Balancing Efficiency and Expressiveness: Subgraph GNNs with Walk-Based Centrality

Published: 01 May 2025, Last Modified: 18 Jun 2025ICML 2025 posterEveryoneRevisionsBibTeXCC BY 4.0
TL;DR: We introduce a framework which drastically reduces the computational cost of Subgraph GNNs by leveraging walk-based centralities, both as an effective subgraph sampling strategy and as a form of powerful Structural Encoding.

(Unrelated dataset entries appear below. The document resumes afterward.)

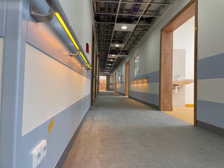 Noční orientační osvětlení chodeb Domova seniorů Sokolnice – instalace do zábradlí. Ani při nutném nočním pohybu klientů nedochází k narušování cirkadiánních rytmů organismu.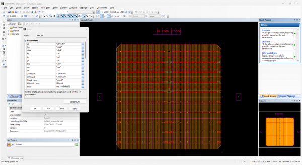 針對(duì)光伏行業(yè)的圖形處理需求,CircuitCAM8推出了LaserSolar模塊。這個(gè)模塊中,針對(duì)特定圖形的快速填充和計(jì)算、快速自動(dòng)制圖等需求,推出了快速完成光伏圖形的填充計(jì)算的Solar_Fill功能;推出了以二次元掃描圖形為基準(zhǔn),一鍵自動(dòng)繪制光伏圖形的Solar_AutoDraw功能。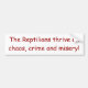 " Los Reptilians prosperan en caos, crimen y miseria." Pegatina para el parachoques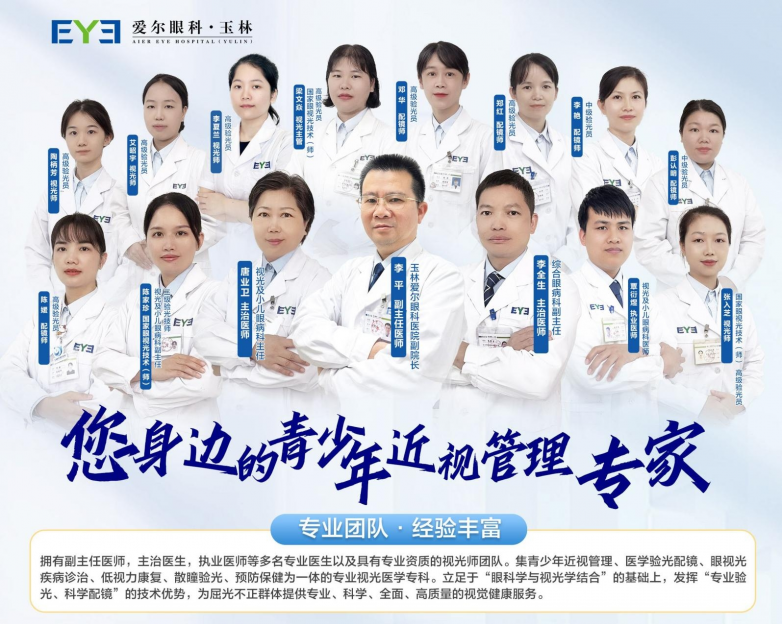 玉林爱尔眼科医院视光及小儿眼病科,始终如一地作为您与孩子视力健康的坚定守护者。我们拥有专业的门诊服务,时间为周一至周日 8:00 - 12:00、14:00 - 17:30,节假日也照常开诊。同时,我们还汇聚了知名近视防控博硕专家团队,他们凭借着深厚的学术造诣和丰富的临床经验,为您孩子的清晰“视界”全力以赴、保驾护航。选择玉林爱尔眼科,就是选择一份专业与安心,让我们一起为孩子的视力健康携手前行!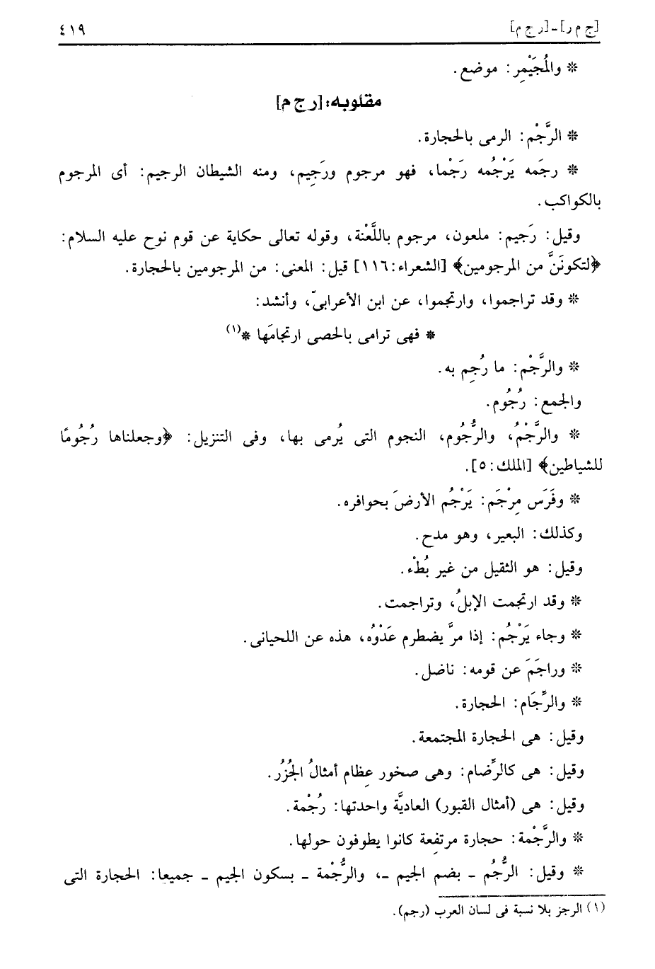 وَالْجمع: رُجُوم.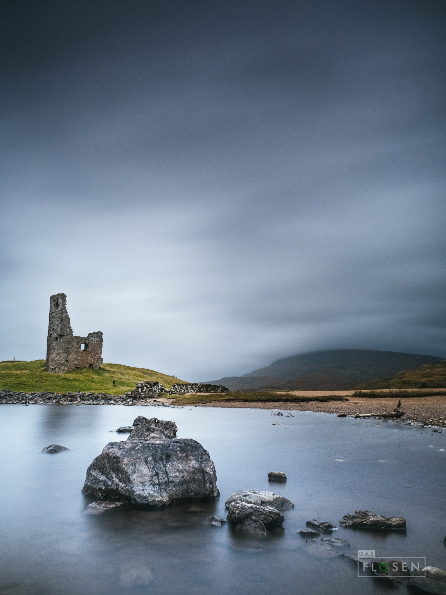 Wir stiegen also wieder in den Bus und fuhren zurück zum Castle Ardvreck. Der letzte Punkt, an dem ich mein Stativ benutzte. [Anm.d.Red.: Ja, ich habe das auf meiner Kamera überprüft!!!] Da wir dieses Mal die Halbinsel nich ausfuhren, waren wir in nur 1,5 Std. wieder am Castle angekommen. Das Stativ? Weit und breit keine Spur davon! Wir liefen wirklich jeden verdammten Zentimeter ab. Es war nicht mehr da. Wir fuhren sogar noch in Richtung der Halbinsel. Nichts. Kein Stativ. Da wir in der Zeit vom Castle Altverreck bis Durness keinen wirklichen Halt gemacht hatten, konnte es dort nirgendwo liegen.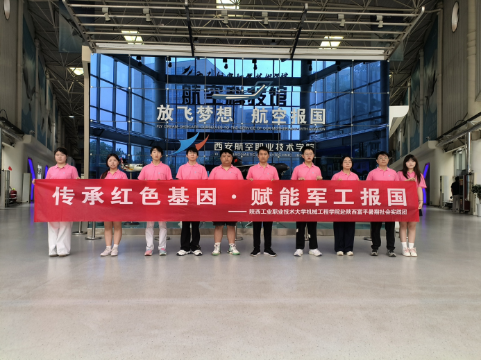 為深入學習貫徹習近平新時代中國特色社會主義思想,傳承紅色基因,厚植軍工報國情懷,2025年7月23日,陜西工業職業技術大學赴陜西富平“傳承紅色基因·賦能軍工報國”社會實踐團隊赴西安航空職業技術學院航空科技館進行參觀學習與實踐調研,近距離感受航空工業發展歷程,體悟軍工精神的時代內涵。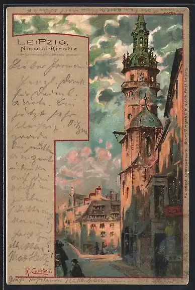 Künstler-AK sign.R. Carloforti: Leipzig, Nicolai-Kirche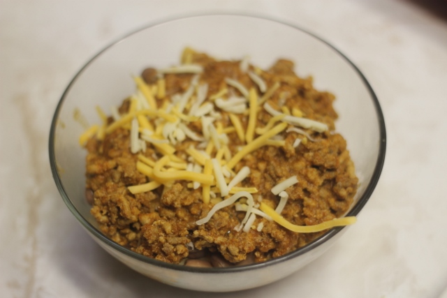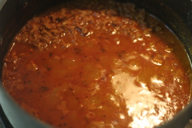 Фарш обжариваем на сковородке, добавляем специи по вкусу, порошок красного перца. Перец я беру не слишком острый, всего 1 ч.л. Перемешиваем, добавляем воду, чтобы прикрывала фарш, тушим минут 15.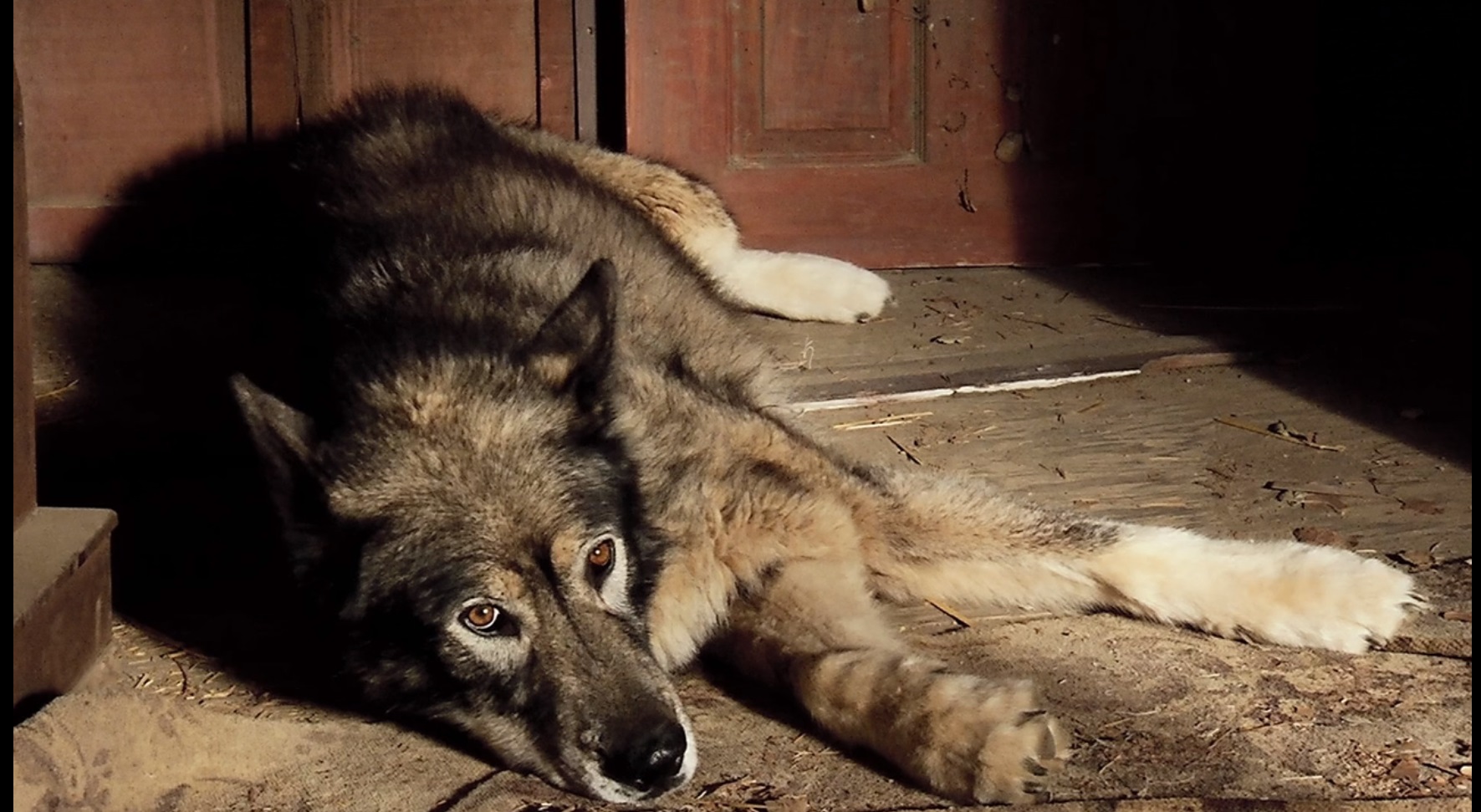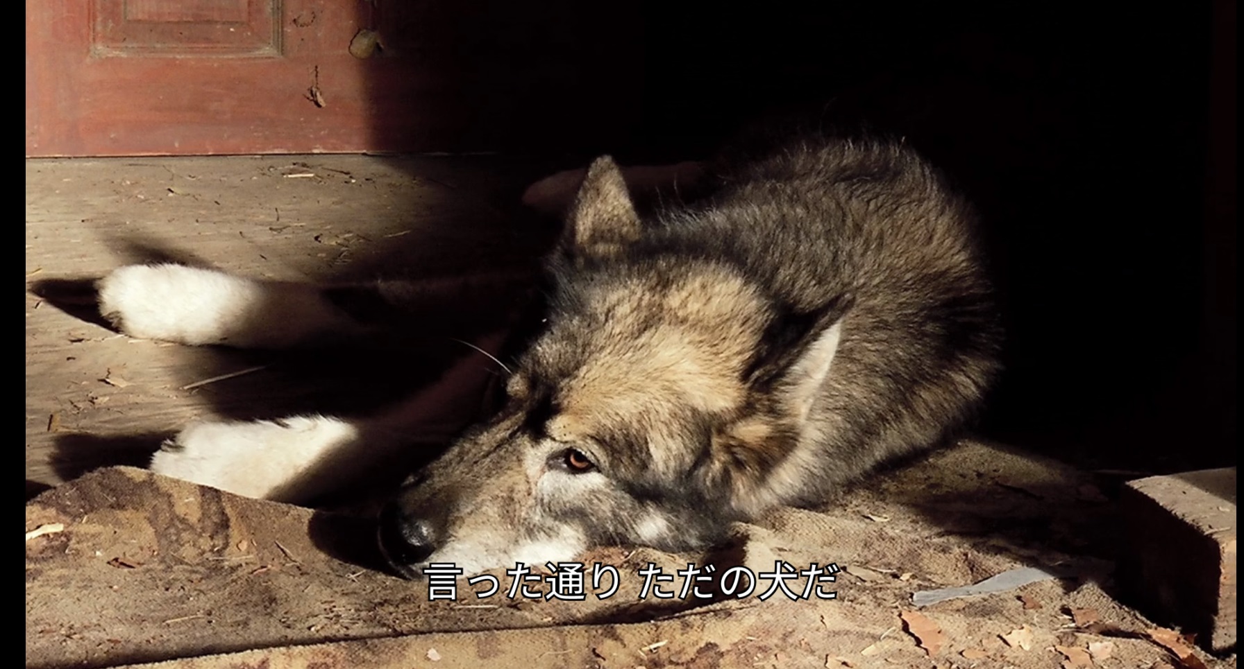 ↓そしてこれがオオカミの死体…のつもりらしいです。なんと寝そべっている犬の静止画像。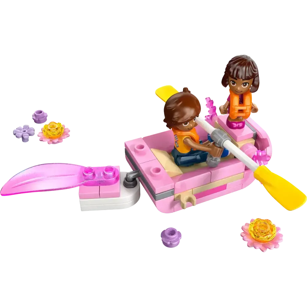 Inspire girls and boys ages 5 and up to tell fun stories with the LEGO® Friends Axolotl Adventure Boat (42681) toy for kids. The set comes with 1 minidoll, 1 microdoll, 2 mini axolotls and accessories to encourage creative play. Kids can have lots of fun with the axolotl-themed boat which features a friendly face and a wobbling tail. It also includes seats for the characters plus oars and 2 life vests. The additional side build comes with plants, flowers and water so kids can create the natural habitat for the axolotls. This pretend play toy makes a great gift for girls and boys and animal lovers. With the LEGO Builder app, kids can enjoy an intuitive building adventure where they can zoom in and rotate sets using 3D building instructions, save sets and track progress. Set contains 95 pieces.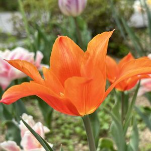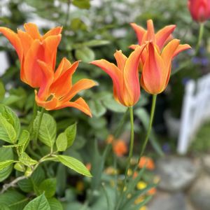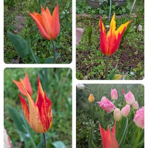 庭のチューリップたち ①②③オレンジ色のチューリップバレリーナが咲いて裏庭が一層賑やかになりました♪ 周りのごちゃごちゃはスルーしてくださいね😅 ④⑤昨年秋に球根を初めて植えてみた原種チューリップ🌷 クリーム色に赤いストライプが可愛いです♡ 🏷️カラフルな火曜日 🏷️春色チュ!チューリップ♡ 🏷️オレンジ色の花も好き 参加させてください

Abstract: Subgraph GNNs have emerged as promising architectures that overcome the expressiveness limitations of Graph Neural Networks (GNNs) by processing bags of subgraphs. Despite their compelling empirical performance, these methods are afflicted by a high computational complexity: they process bags whose size grows linearly in the number of nodes, hindering their applicability to larger graphs. In this work, we propose an effective and easy-to-implement approach to dramatically alleviate the computational cost of Subgraph GNNs and unleash broader applications thereof. Our method, dubbed HyMN, leverages walk-based centrality measures to sample a small number of relevant subgraphs and drastically reduce the bag size. By drawing a connection to perturbation analysis, we highlight the strength of the proposed centrality-based subgraph sampling, and further prove that these walk-based centralities can be additionally used as Structural Encodings for improved discriminative power. A comprehensive set of experimental results demonstrates that HyMN provides an effective synthesis of expressiveness, efficiency, and downstream performance, unlocking the application of Subgraph GNNs to dramatically larger graphs. Not only does our method outperform more sophisticated subgraph sampling approaches, it is also competitive, and sometimes better, than other state-of-the-art approaches for a fraction of their runtime.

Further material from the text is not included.